First off, you'll be happier if you design a data structure for your nodes that is genuinely recursive:
public class Node
{
public Node Parent { get; private set; }
public IEnumerable<Node> Children { get; private set; }
public bool HasChildren { get { return Children.Count() > 0; } }
public Node()
{
Children = new List<Node>();
}
}
Your MyObject class represents parent/child relationships between string values. As long as you're able to implement a FindChildren() method that returns the child values for a given parent value, using this class to rationalize the parent/child relationships is straightforward:
public string Value { get; set; }
public static Node Create(string parentKey)
{
Node n = new Node();
n.Value = parentKey;
foreach (string childKey in FindChildren(parentKey))
{
Node child = n.Children.Add(Node.Create(childKey));
child.Parent = n;
}
return n;
}
It's simple to implement a property that returns a node's descendants:
public IEnumerable<Node> Descendants
{
get
{
foreach (Node child in Children)
{
yield return child;
foreach (Node descendant in child.Descendants)
{
yield return descendant;
}
}
}
}
To add a Node to a TreeView, you need two methods. (Note that these aren't methods of the Node class!) I've made them overloads, but an argument can be made for giving them different names:
public void AddNode(Node n, TreeView tv)
{
TreeNode tn = tv.Nodes.Add(n.Value);
tn.Tag = n;
foreach (Node child in n.Children)
{
AddNode(child, tn);
}
}
public void AddNode(Node n, TreeNode parent)
{
TreeNode tn = parent.Nodes.Add(n.Value);
parent.Tag = n;
foreach (Node child in n.Children)
{
AddNode(child, tn);
}
}
I'm setting the Tag on each TreeNode so that you can find your way back to the original Node.

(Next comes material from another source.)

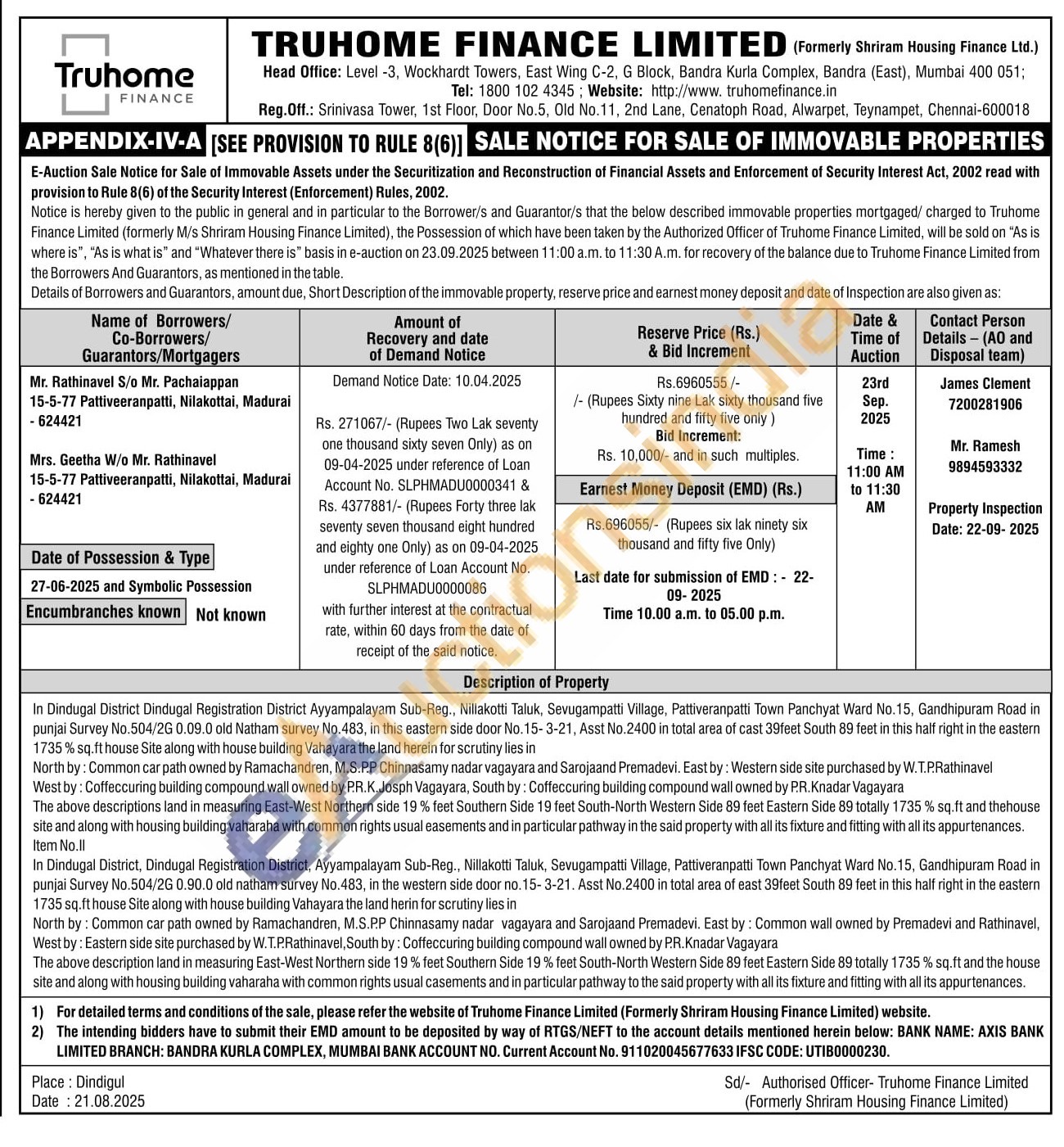 In Dindugal District Dindugal Registration District Ayyampalayam Sub-Reg., Nillakotti Taluk, Sevugampatti Village, Pattiveranpatti Town Panchyat Ward No. 15, Gandhipuram Road in punjai Survey No.504/2G 0.09.0 old Natham survey No.483, in this eastern side door No.15-3-21, Asst No.2400 in total area of cast 39feet South 89 feet in this half right in the eastern 1735% sq.ft house Site along with house building Vahayara the land herein for scrutiny lies in North by: Common car path owned by Ramachandren, M.S.P.P Chinnasamy nadar vagayara and Sarojaand Premadevi. East by: Western side site purchased by W.T.P.Rathinavel West by: Coffeccuring building compound wall owned by P.R.K.Josph Vagayara, South by: Coffeccuring building compound wall owned by P.R.Knadar Vagayara The above descriptions land in measuring East-West Northern side 19% feet Southern Side 19 feet South-North Western Side 89 feet Eastern Side 89 totally 1735% sq.ft and thehouse site and along with housing building vaharaha with common rights usual easements and in particular pathway in the said property with all its fixture and fitting with all its appurtenances. Item No.Il In Dindugal District, Dindugal Registration District, Ayyampalayam Sub-Reg., Nillakotti Taluk, Sevugampatti Village, Pattiveranpatti Town Panchyat Ward No.15, Gandhipuram Road in punjai Survey No.504/2G 0.90.0 old natham survey No.483, in the western side door no.15-3-21. Asst No.2400 in total area of east 39feet South 89 feet in this half right in the eastern 1735 sq.ft house Site along with house building Vahayara the land herin for scrutiny lies in North by: Common car path owned by Ramachandren, M.S.P.P Chinnasamy nadar vagayara and Sarojaand Premadevi. East by: Common wall owned by Premadevi and Rathinavel, West by: Eastern side site purchased by W.T.P.Rathinavel, South by: Coffeccuring building compound wall owned by P.R.Knadar Vagayara The above description land in measuring East-West Northern side 19% feet Southern Side 19% feet South-North Western Side 89 feet Eastern Side 89 totally 1735% sq.ft and the house site and along with housing building vaharaha with common rights usual casements and in particular pathway to the said property with all its fixture and fitting with all its appurtenances

So to initialize your TreeView from a list of top-level parent keys, you need a method like this:
public void PopulateTreeView(IEnumerable<string> parents, TreeView t)
{
foreach (string parentKey in parents)
{
Node n = Node.Create(parentKey);
AddNode(n, t);
foreach (Node descendant in n.Descendants)
{
if (n.HasChildren)
{
AddNode(descendant, t);
}
}
}
}
Edit:
I didn't quite understand how your MyObject class was working; I think I do now, and I've edited this accordingly.